Spectral and computational attributes: Binding of a potent anticancer agent, dasatinib to a transport protein

The present study describes the insights in to the mechanism of interaction between a model protein and an anticancer drug, dasatinib (DAS). DAS is a multi-target anticancer drug which controls the proliferation of mutant expressing cells. Human serum albumin (HSA) is the ubiquitous protein of blood plasma (40–50 g/L) and able to bind a wide range of exogenous and endogenous ligands. Binding mechanism of DAS to HSA was studied under physiological conditions by multi-spectroscopic techniques viz., steady state fluorescence, time resolved fluorescence, fluorescence (Fӧrster) resonance energy transfer (FRET), UV–visible and FTIR besides molecular modeling studies. Fluorescence measurements showed that the fluorescence intensity of HSA was quenched significantly by DAS with a red shift (from 342 to 356 nm) in its emission wavelength. The values of binding constant, number of binding sites and Stern-Volmer quenching constant (Ksv) were calculated for DAS-HSA interactions at different temperatures. Decreased Ksv values with increase in temperature suggested the presence of static quenching mechanism.

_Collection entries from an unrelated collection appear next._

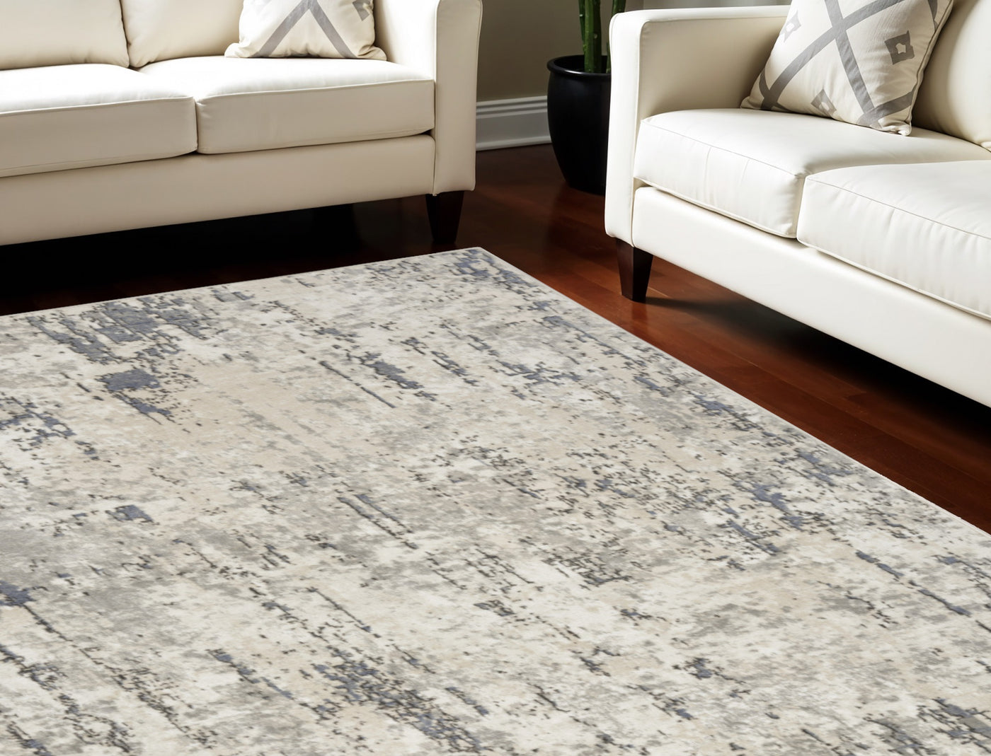 Add great coloration and comfortable texture to your space with this 9-foot x 12-foot cream abstract power loom area rug. This rectangle shaped rug features a abstract design in cream to give it visual interest. A classic shape marries with good looking design for your space the coloring of this rug adds a delightfully neutral tone to your home and will easily match with most any decor. Place this area rug against a hardwood or tile floor and it will enliven your living space with style and sophistication. 106-inch H x 142-inch W x 0.32-inch D
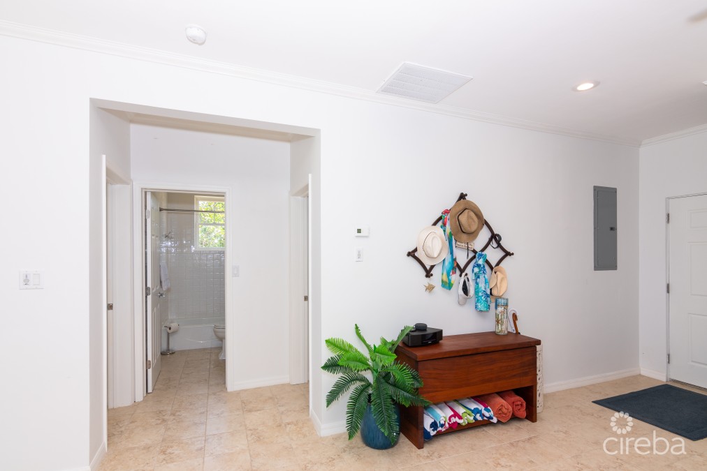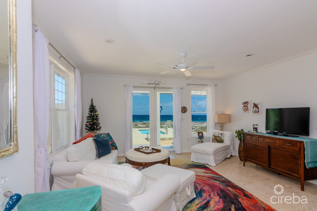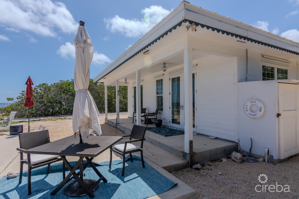This beautiful beach home is located on the very end of the North East side of Cayman Brac. Offering peace and tranquility with the ocean as your front view and the stunning Bluff in your back yard. This property rises approximately 11ft above sea level. The main house offers two bedrooms and one bathroom with a very spacious open plan living room and kitchen, central air conditioner and is 1,208 sq ft. Beautifully furnished with views of your private pool, sundeck and ocean. The studio apartment is next to the garage and offers 351 sq ft of 1 bedroom and 1 bathroom with mini split air conditioner. This home has much to offer whether you want a private home or vacation rental property. Property also has 2 cisterns totaling approximate 7000 gallons that can be used for irrigation.
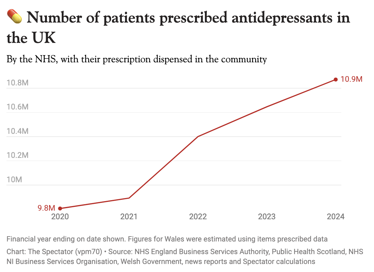 Others fear that GPs are too quick to diagnose mental health conditions and dish out antidepressants. As the graph below shows, the number of patients (of all ages) prescribed antidepressants in the UK has shot up in recent years.
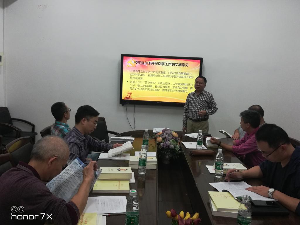 2018年10月21日下午,公司党委在公司306会议室召年习近平新时代中国特色社会主义思想“大学习”专题研讨会。会议由党委书记谢友福主持,党委委员、中心组成员、各支部书记出席本次会议。 谢友福同志就《公司党委关于开展巡察工作的实施意见》进行了说明,强调要以“四个意识”为政治标杆进行巡察工作,以党章党规党纪为尺子,着力发现问题,查找政治偏差,形成有力震慑,推动党的先进性和纯洁性建设,提升公司办学治校能力。 他指出,应巡查党建方面存在的问题、违反政治纪律和政治规矩问题、违反组织纪律,违背党的民主集中制,违反“三重一大”决策制度问题、违反廉洁纪律问题、违反群众纪律、工作纪律及生活纪律问题等五个问题。
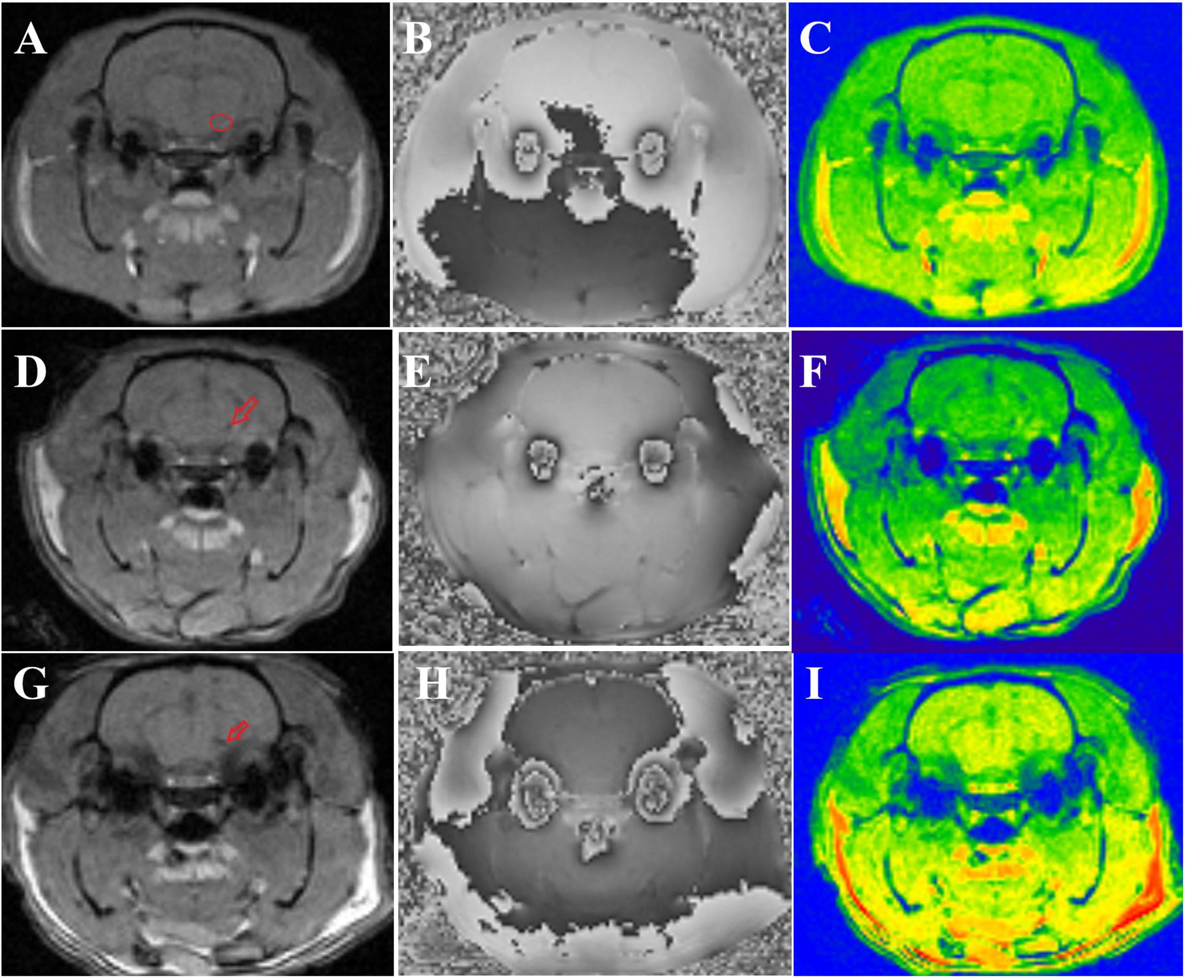 Figure 2. Shows the magnetic resonance images of three groups of rats. (A–C) Display the magnitude, phase, and R2* map of control group rats, respectively. The small red circle in panel (A) indicates the location of the ROI outlined in the right SN. (D–F) show the magnitude, phase, and R2* map of treatment group rats, respectively, with the small red arrow in panel (D) indicating iron deposition in the right SN. (G–I) present the magnitude, phase, and R2* map of PD group rats, respectively, and the small red arrow in panel (G) denotes iron deposition in the right SN.

This was also evident from time resolved fluorescence studies. The probable binding site for DAS in the hydrophobic pocket (sub-domain IIA) of HSA was revealed by both site probe experiments and molecular docking studies. Negative values of ΔG° revealed the spontaneity of DAS-HSA interaction while negative ΔH° and ΔS° values indicated the participation of hydrogen bonding and van der Waals forces in the stabilization of DAS-HSA complex. Further, conformational change in the protein backbone upon the addition of DAS was evident from absorption, FT-IR and synchronous fluorescence spectral results. The effect of essential metal ions on the binding of DAS to protein was also examined.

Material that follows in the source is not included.